Je ne suis pas un développeur de jeux vidéo professionnel et j’ignore si j’arriverai à développer ce prototype, pour des questions de temps et de compétences (je tiens  d’ailleurs son code à disposition de qui voudrait). Ce n’est pas tellement mon propos. J’aimerais surtout proposer aux gamedev, aux indés, aux étudiants en game design, aux amateurs, aux fans, aux modders, aux hackers, aux codeurs de l’open source, aux chercheurs, aux assos, aux critiques et aux joueurs à s’emparer de la thématique NUITDEBOUT. Concernant les professionnels du jeu vidéo, leurs conditions ne travail sont régulièrement décrites comme problématiques, ils ne devraient donc pas avoir plus de mal que les autres à trouver un ancrage concret pour leur engagement.

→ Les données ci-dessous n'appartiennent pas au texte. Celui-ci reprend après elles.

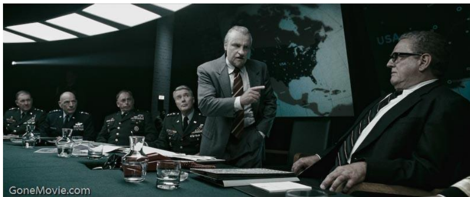
El cuarto de guerra de Nixon, en la película Watchmen (Zack Snyder, 2009)
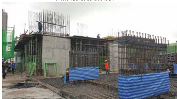
▲ ภาพงานโครงสร้างพื้นชั้น 2

Les modes d’actions sont multiples, en voici quelques-uns (j’ajouterai à la liste ce qui sera proposé en commentaire) :

  • Lancer une #GAMEJAMDEBOUT
  • Concevoir des jeux en commissions et les faire valider en AG
  • Lancer des ateliers de création de jeuxdebouts (voir ci-dessous pour les outils)
  • Occuper des espaces virtuels existants (dans Second Life, dans WoW, dans Minecraft)
  • Populariser des jeux existants qui s’emparent de thématiques qui font écho à #NUITDEBOUT (voir ci-dessous) et y faire jouer sur les places publiques
  • Détourner des jeux existants pour y intégrer une dimension faisant écho au mouvement.
  • Si par ailleurs des utilisateurs de Construct 2 ou autre (graphiste, etc.) voulaient donner un peu plus d’ampleur au prototype que je propose, contactez moi en commentaire.

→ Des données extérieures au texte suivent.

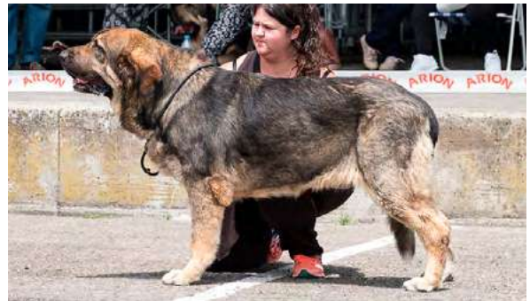
EXC 6° - TUNA DE AUTOCAN

2 años, masiva, EXC. proporciones cuerpo, EXC. proporciones cráneo hocico, pinza, ojo ligeramente claro, EXC. orejas, pelo, angulaciones y pieles. Hocico ligeramente acarnerado.

Alors, qu’est-ce qu’on fait ?

Si ce billet vous pose question, vous donne envie d’agir, de critiquer, alors prenez la parole (en commentaire ou via #JVDEBOUT) – puisque c’est par là que tout commence.

 


 

RESSOURCES :

 

Rendre la création accessible :

S’il y avait parmi les lecteurs des personnes souhaitant créer des jeux mais ne sachant pas par où commencer, voici quelques ressources utiles :

  • Quelques logiciels facilitant la création (ordre par niveau d’accessibilité) : Scratch, RPG Maker, Construct 2, GDevelop, Game Maker, Unity.
  • Game Creation Tools Classification : Une bbd listant les logiciels de création (482)

Enfin, les sceptiques pourraient être refroidis par deux distinctions malheureusement habituelles.

  1. Jeu vidéo VS Sérieux.Pour ceux qui ignoreraient les capacités du jeu vidéo à s’emparer de sujets politiques et/ou sociaux, je recommande les jeux suivants :
    – EveryDay The Same Dream (dont je parlais ici)
    – Papers, Please
    – Dys4ia
    – Cart Life
    – September 12th
    – Phone Story
    – Avenue de l’École de Joinville
    – Sunset
    – 9.03m
    – The Stanley Parabole
  2. Réel VS Virtuel.
    Il est encore commun de voir, surtout chez les non-joueurs, une séparation entre la « vraie vie » et la fiction, le jeu, internet, les médias sociaux, le virtuel. Comme si les 30.000 personnes qui suivent régulièrement le périscope parisien de #NuitDebout sur Internet n’existaient pas vraiment. Ou – pire ! – comme si ces spectateurs accourraient sur la place en l’absence de la diffusion du direct. Dans le même esprit, nombreuses étaient les critiques contre le mouvement #OnVautMieuxQueCa : « ça ne suffit pas, le gouvernement n’entend que la rue. ». Et Usul de répondre sur Arrêt sur Images (je résume ce que j’en ai retiré) : « chaque chose en son temps ». Et effectivement, il ne s’agit pas de substituer un hashtag ou un jeu à la lutte. Mais de prendre part au processus, de participer à la convergence des luttes. D’ailleurs le prototype n’avancera pas aujourd’hui : je dois rejoindre #NUITDEBOUT à #LIEGE.